**Exercise details**
Every entry should be repeated exactly. Omit the pictures.

[[ Records shown open ]]

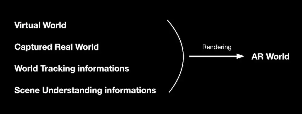 渲染是呈现 AR world 的最后一个过程。此过程将创建的虚拟世界、捕捉的真实世界、ARKit 追踪的信息以及 ARKit 场景解析的的信息结合在一起,渲染出一个 AR world。渲染过程需要实现以下几点才能渲染出正确的 AR world:
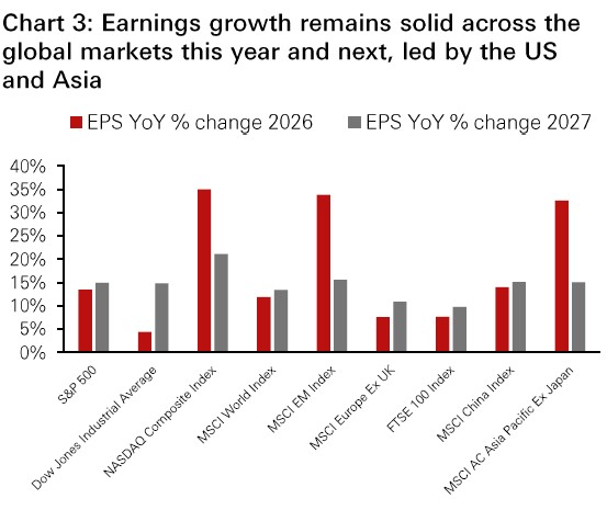 • While the US Supreme Court limited the use of IEEPA, the administration quickly responded with a 15% global tariff using Section 122. Import-reliant sectors may benefit from lower near-term cost pressures and reduced legal uncertainty. Overall, resilient US growth, solid earnings and continued AI momentum support our bullish view on US equities, while total tariff revenue is expected to remain stable in 2026, which is also positive for bonds. We favour US investment grade credit over high yield.
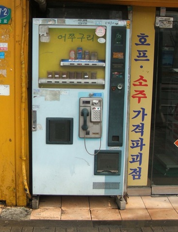 At long last, a single solution has been devised for several major problems that come up on the sidewalks of Korea.  This innovative new product is a coffee vending machine/pay phone combination.  I propose the name "Call and Coffee."
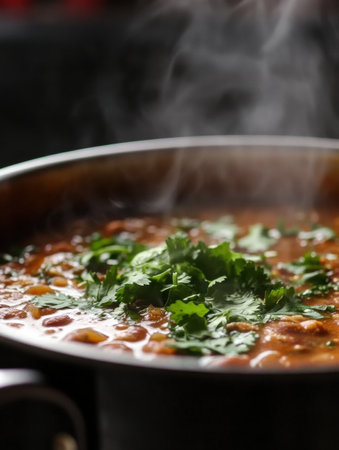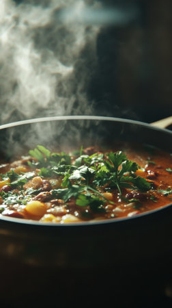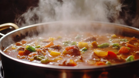 A close-up of a pot simmering with a hearty soup or stew, with steam rising and fresh herbs or vegetables visible, set against a cozy kitchen backdrop.
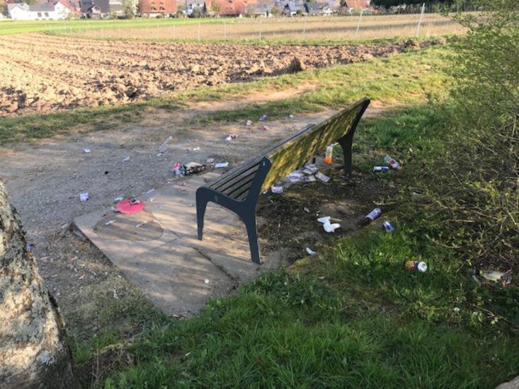 Liebe »Schwarzwälder Post«, bei meiner täglichen Runde oberhalb des Neubaugebiet »Ziegelfeld« mit dem Hund sammle ich leider (täglich), trotz vorhandenem Mülleimer tütenweise Flaschen und Müll ein. Am Montag war ein Hähnchenessen inklusive Wein rund ums Bänkchen verteilt.
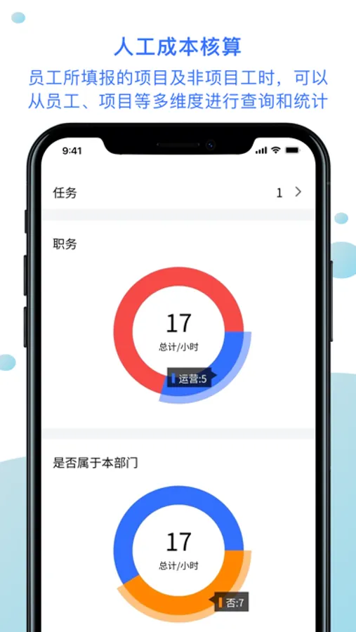它可以实现高效、低成本收集不同项目下每个成员所花费的实际工时(正常工时,加班工时,休假工时等),核算出项目各自的人工成本值。提高企业经营管理水平。
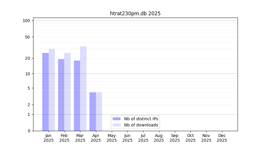 Number of downloads for annotation package htrat230pm.db, year by year, from 2025 back to 2014 (years with no downloads are omitted):
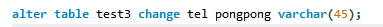 alter table tablename change tel pongpong varchar(45); As you know We can see from tel to pongpong.
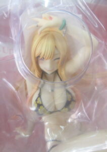 ボディラインの造形も非常に滑らかで、1/7スケールならではの情報量が活かされています。健康的なプロポーションを強調しつつも、いやらしさを感じさせない上品な仕上がりが特徴です。水着の質感やシワの入り方、肌のグラデーション塗装など細部へのこだわりが随所に見られ、光の当たり方によって印象が変化する点も魅力となっています。
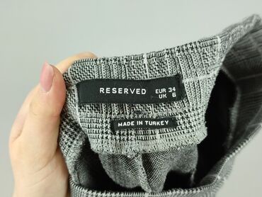 Spodnie damskie Reserved - Model: materiałowe spodnie w delikatny, jasny prążek - Kolor: szary melanż - Rozmiar z metki: EU 38 (UK 10) - Krój: prosta nogawka, lekko zwężana ku dołowi - Stan pas: e...
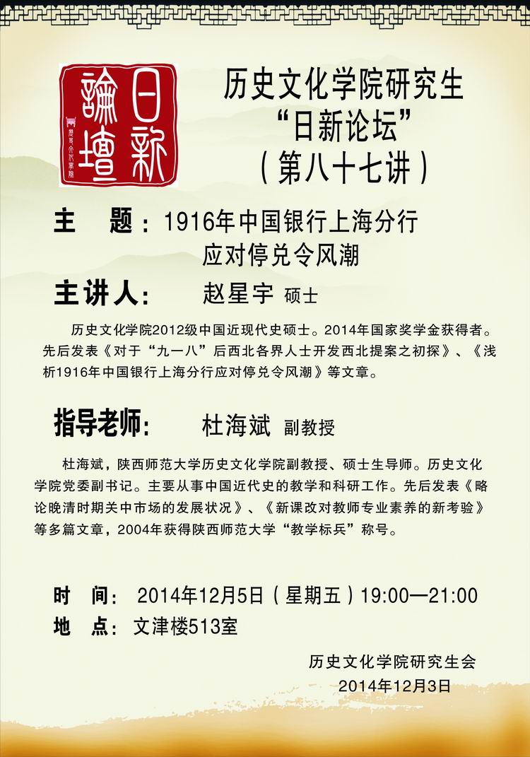 日新论坛87讲 1916年中国银行上海分行应对停兑令风潮
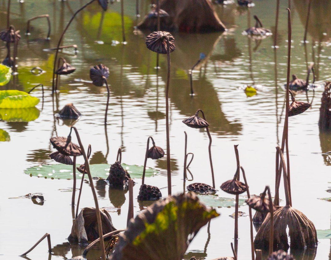 作为“中国荷花名镇”,莲湖风景区是必去的诗意之地。褪去盛夏华裳的桥头莲湖正上演着一场极具东方美学的谢幕礼。枯荷不再擎翠盖,却以遒劲的枝干在碧空下勾勒出万千禅意线条,正等待有心的你前来品味这幅水墨长卷里,“留得枯荷听雨声”的韵味。
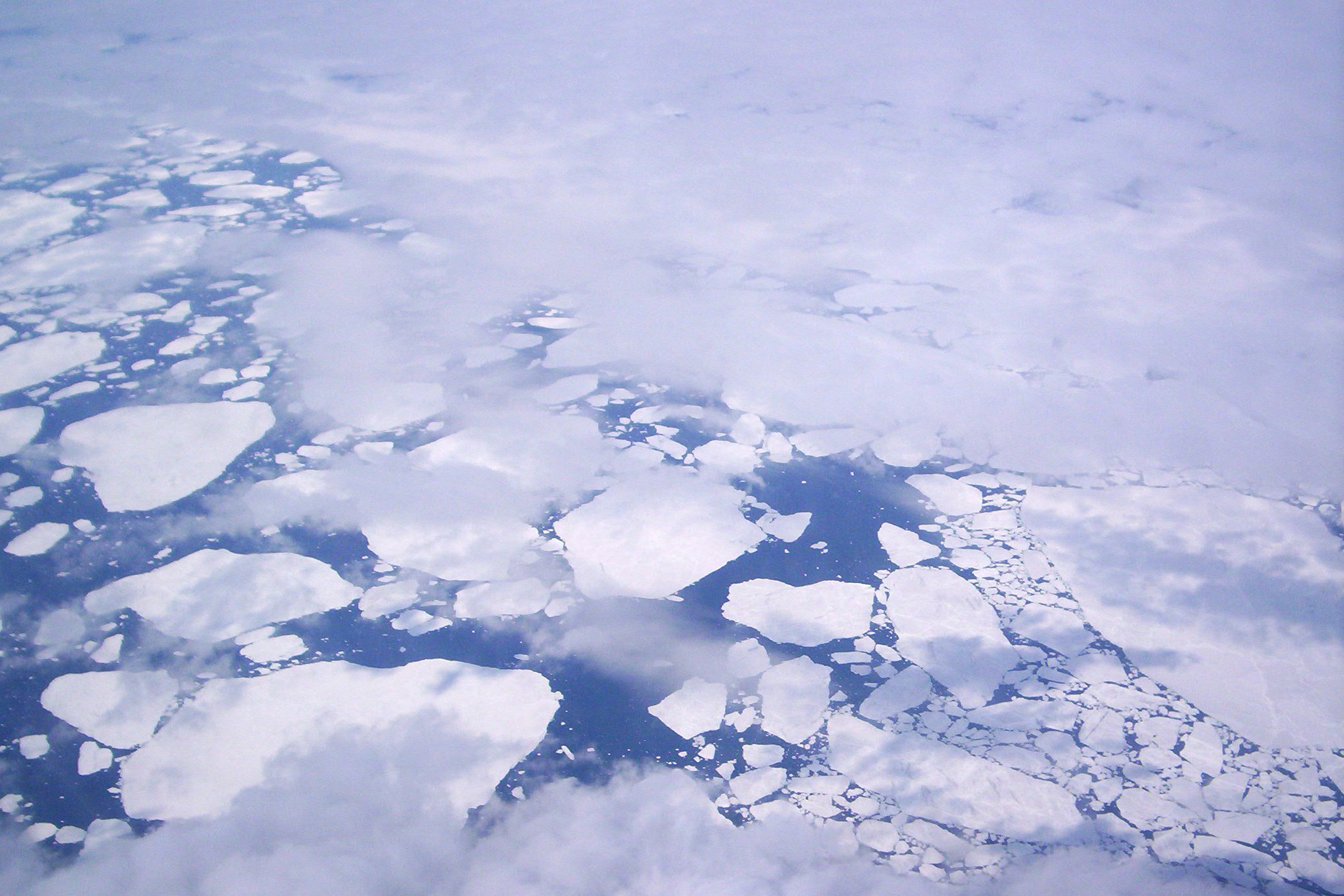 The view over the south Pacific Ocean around latitude 73° south, flying south on the way to Antarctica.
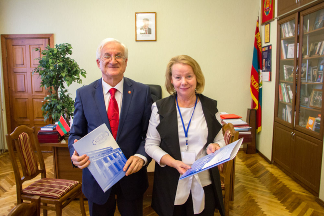 20 октября ректор ПГУ, профессор Степан Берил встретился с представителями вузов-партнёров – доктором психологических наук, профессором ФГБНУ «Психологический институт» Ларисой Митиной и кандидатом педагогических наук, доцентом Барановичского государственного университета Зоей Лукашеней.
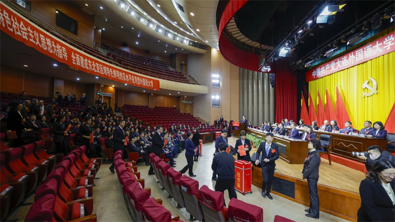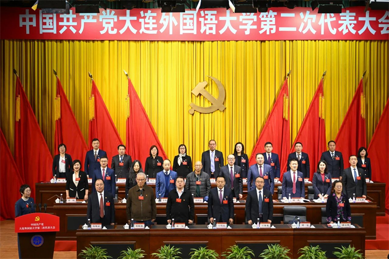 大会会场气氛庄严热烈,主席台正中悬挂的中国共产党党徽熠熠生辉,十面红旗鲜艳夺目,分列两侧。“以习近平新时代中国特色社会主义思想为指导 全面建成东北亚区域特色鲜明的高水平应用型外国语大学”标语庄重醒目。上午8时30分,大会在雄壮激昂的国歌声中开幕。
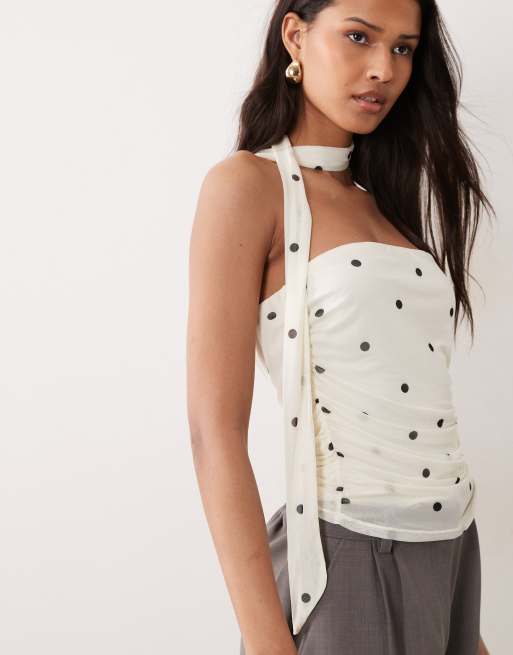 JDY – Krämvit, prickig bandeau-topp med scarf
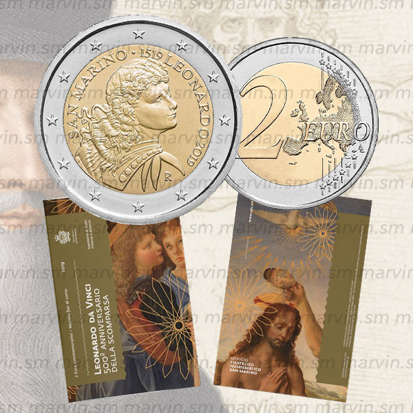 Leonardo di ser Piero da Vinci è stato un uomo d'ingegno e talento universale del Rinascimento che incarnò in pieno lo spirito della sua epoca, portandolo alle maggiori forme di espressione nei più disparati campi dell'arte e della conoscenza. Si occupò di architettura e scultura fino a scenografia, musica e anatomia. È considerato uno dei più grandi geni dell'umanità. La moneta raffigura un particolare dell'opera "Il Battesimo di Cristo" di Andrea del Verrocchio, Leonardo da Vinci e altri pittori di bottega, databile tra il 1475 ed il 1478 e conservato nella Galleria degli Uffizi a Firenze. Il maestro Verrocchio impostò la composizione e dipinse in parte le due figure principali del Cristo e del Battista, con il suo stile lineare e nervoso derivato dalla specializzazione nell'oreficeria. In un secondo momento vennero coinvolti altri due collaboratori. Solo in una terza fase, quella finale, venne chiesto a Leonardo da Vinci, allievo del Verrocchio, di ultimare il dipinto cercando di uniformare le parti già dipinte. A lui spetta il dolce volto dell'angelo di profilo (raffigurato sulla moneta), dove si nota il suo caratteristico stile sfumato, ma anche le velature trasparenti a olio che unificarono i piani del paesaggio in profondità e addolcirono il corpo del Cristo.
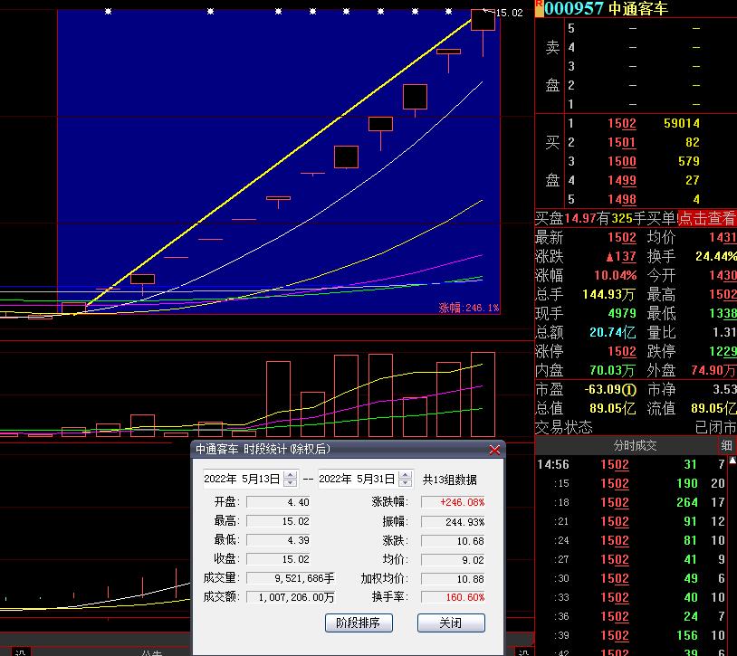 5月31日,核酸檢測(cè)車(chē)概念股中通客車(chē)再次漲停,收于15.02元/股,總市值為89.05億元。這是自5月13日起,中通客車(chē)收獲的第13個(gè)漲停,累計(jì)漲幅246.08%。

[[ Records shown closed ]]

**Completed task**
 渲染是呈现 AR world 的最后一个过程。此过程将创建的虚拟世界、捕捉的真实世界、ARKit 追踪的信息以及 ARKit 场景解析的的信息结合在一起,渲染出一个 AR world。渲染过程需要实现以下几点才能渲染出正确的 AR world:
 • While the US Supreme Court limited the use of IEEPA, the administration quickly responded with a 15% global tariff using Section 122. Import-reliant sectors may benefit from lower near-term cost pressures and reduced legal uncertainty. Overall, resilient US growth, solid earnings and continued AI momentum support our bullish view on US equities, while total tariff revenue is expected to remain stable in 2026, which is also positive for bonds. We favour US investment grade credit over high yield.
 At long last, a single solution has been devised for several major problems that come up on the sidewalks of Korea.  This innovative new product is a coffee vending machine/pay phone combination.  I propose the name "Call and Coffee."
 A close-up of a pot simmering with a hearty soup or stew, with steam rising and fresh herbs or vegetables visible, set against a cozy kitchen backdrop.
 Liebe »Schwarzwälder Post«, bei meiner täglichen Runde oberhalb des Neubaugebiet »Ziegelfeld« mit dem Hund sammle ich leider (täglich), trotz vorhandenem Mülleimer tütenweise Flaschen und Müll ein. Am Montag war ein Hähnchenessen inklusive Wein rund ums Bänkchen verteilt.
它可以实现高效、低成本收集不同项目下每个成员所花费的实际工时(正常工时,加班工时,休假工时等),核算出项目各自的人工成本值。提高企业经营管理水平。
 Number of downloads for annotation package htrat230pm.db, year by year, from 2025 back to 2014 (years with no downloads are omitted):
 alter table tablename change tel pongpong varchar(45); As you know We can see from tel to pongpong.
 ボディラインの造形も非常に滑らかで、1/7スケールならではの情報量が活かされています。健康的なプロポーションを強調しつつも、いやらしさを感じさせない上品な仕上がりが特徴です。水着の質感やシワの入り方、肌のグラデーション塗装など細部へのこだわりが随所に見られ、光の当たり方によって印象が変化する点も魅力となっています。
 Spodnie damskie Reserved - Model: materiałowe spodnie w delikatny, jasny prążek - Kolor: szary melanż - Rozmiar z metki: EU 38 (UK 10) - Krój: prosta nogawka, lekko zwężana ku dołowi - Stan pas: e...
 日新论坛87讲 1916年中国银行上海分行应对停兑令风潮
 作为“中国荷花名镇”,莲湖风景区是必去的诗意之地。褪去盛夏华裳的桥头莲湖正上演着一场极具东方美学的谢幕礼。枯荷不再擎翠盖,却以遒劲的枝干在碧空下勾勒出万千禅意线条,正等待有心的你前来品味这幅水墨长卷里,“留得枯荷听雨声”的韵味。
 The view over the south Pacific Ocean around latitude 73° south, flying south on the way to Antarctica.
 20 октября ректор ПГУ, профессор Степан Берил встретился с представителями вузов-партнёров – доктором психологических наук, профессором ФГБНУ «Психологический институт» Ларисой Митиной и кандидатом педагогических наук, доцентом Барановичского государственного университета Зоей Лукашеней.
 大会会场气氛庄严热烈,主席台正中悬挂的中国共产党党徽熠熠生辉,十面红旗鲜艳夺目,分列两侧。“以习近平新时代中国特色社会主义思想为指导 全面建成东北亚区域特色鲜明的高水平应用型外国语大学”标语庄重醒目。上午8时30分,大会在雄壮激昂的国歌声中开幕。
 JDY – Krämvit, prickig bandeau-topp med scarf
 Leonardo di ser Piero da Vinci è stato un uomo d'ingegno e talento universale del Rinascimento che incarnò in pieno lo spirito della sua epoca, portandolo alle maggiori forme di espressione nei più disparati campi dell'arte e della conoscenza. Si occupò di architettura e scultura fino a scenografia, musica e anatomia. È considerato uno dei più grandi geni dell'umanità. La moneta raffigura un particolare dell'opera "Il Battesimo di Cristo" di Andrea del Verrocchio, Leonardo da Vinci e altri pittori di bottega, databile tra il 1475 ed il 1478 e conservato nella Galleria degli Uffizi a Firenze. Il maestro Verrocchio impostò la composizione e dipinse in parte le due figure principali del Cristo e del Battista, con il suo stile lineare e nervoso derivato dalla specializzazione nell'oreficeria. In un secondo momento vennero coinvolti altri due collaboratori. Solo in una terza fase, quella finale, venne chiesto a Leonardo da Vinci, allievo del Verrocchio, di ultimare il dipinto cercando di uniformare le parti già dipinte. A lui spetta il dolce volto dell'angelo di profilo (raffigurato sulla moneta), dove si nota il suo caratteristico stile sfumato, ma anche le velature trasparenti a olio che unificarono i piani del paesaggio in profondità e addolcirono il corpo del Cristo.
 5月31日,核酸檢測(cè)車(chē)概念股中通客車(chē)再次漲停,收于15.02元/股,總市值為89.05億元。這是自5月13日起,中通客車(chē)收獲的第13個(gè)漲停,累計(jì)漲幅246.08%。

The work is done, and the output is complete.